◆ Try it ◆
Reproduce every line of the data, exactly and without its pictures.

◆ Supplied information ◆
-----

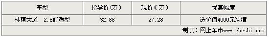 據(jù)林蔭大道銷售人員表示,購買林蔭大道 2.8舒適型除了可以得到最高5.6萬元的價格優(yōu)惠外,商家還在每輛車銷售的同時還搭配汽車裝潢贈品。商家現(xiàn)在展廳有黑色和炭晶兩款現(xiàn)車。更多詳情隨時聯(lián)系經(jīng)銷商。
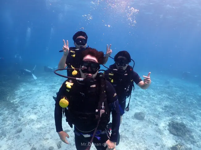今回は、初めてのダイビング体験ということで、最初は少し緊張気味でしたが、海に入るとすぐに慣れて、カラフルな魚たちに囲まれながら笑顔に!短い滞在ながらも、「来てよかった!」と感じていただける、素敵な思い出ダイブとなりました。また機会があればお越しくださいね!ご参加いただきありがとうございました。
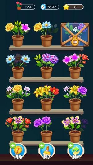 2. 新颖的花盆合并玩法,相邻花盆里的同种花朵能够触发连锁消除的效果。
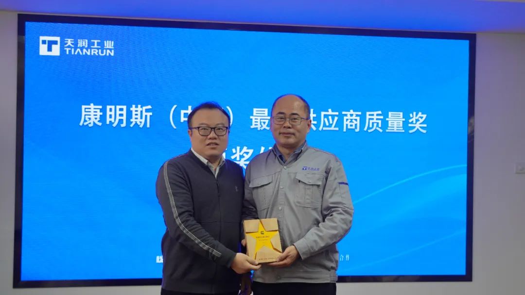 3月8日,康明斯平台供应商质量负责人陈慧升到访天润工业,为天润工业荣获康明斯(中国)“最佳供应商质量奖”进行现场颁奖,公司副总经理王旭阳代表公司接受颁奖。

-----

◆ Solution to this task ◆
 據(jù)林蔭大道銷售人員表示,購買林蔭大道 2.8舒適型除了可以得到最高5.6萬元的價格優(yōu)惠外,商家還在每輛車銷售的同時還搭配汽車裝潢贈品。商家現(xiàn)在展廳有黑色和炭晶兩款現(xiàn)車。更多詳情隨時聯(lián)系經(jīng)銷商。
今回は、初めてのダイビング体験ということで、最初は少し緊張気味でしたが、海に入るとすぐに慣れて、カラフルな魚たちに囲まれながら笑顔に!短い滞在ながらも、「来てよかった!」と感じていただける、素敵な思い出ダイブとなりました。また機会があればお越しくださいね!ご参加いただきありがとうございました。
 2. 新颖的花盆合并玩法,相邻花盆里的同种花朵能够触发连锁消除的效果。
 3月8日,康明斯平台供应商质量负责人陈慧升到访天润工业,为天润工业荣获康明斯(中国)“最佳供应商质量奖”进行现场颁奖,公司副总经理王旭阳代表公司接受颁奖。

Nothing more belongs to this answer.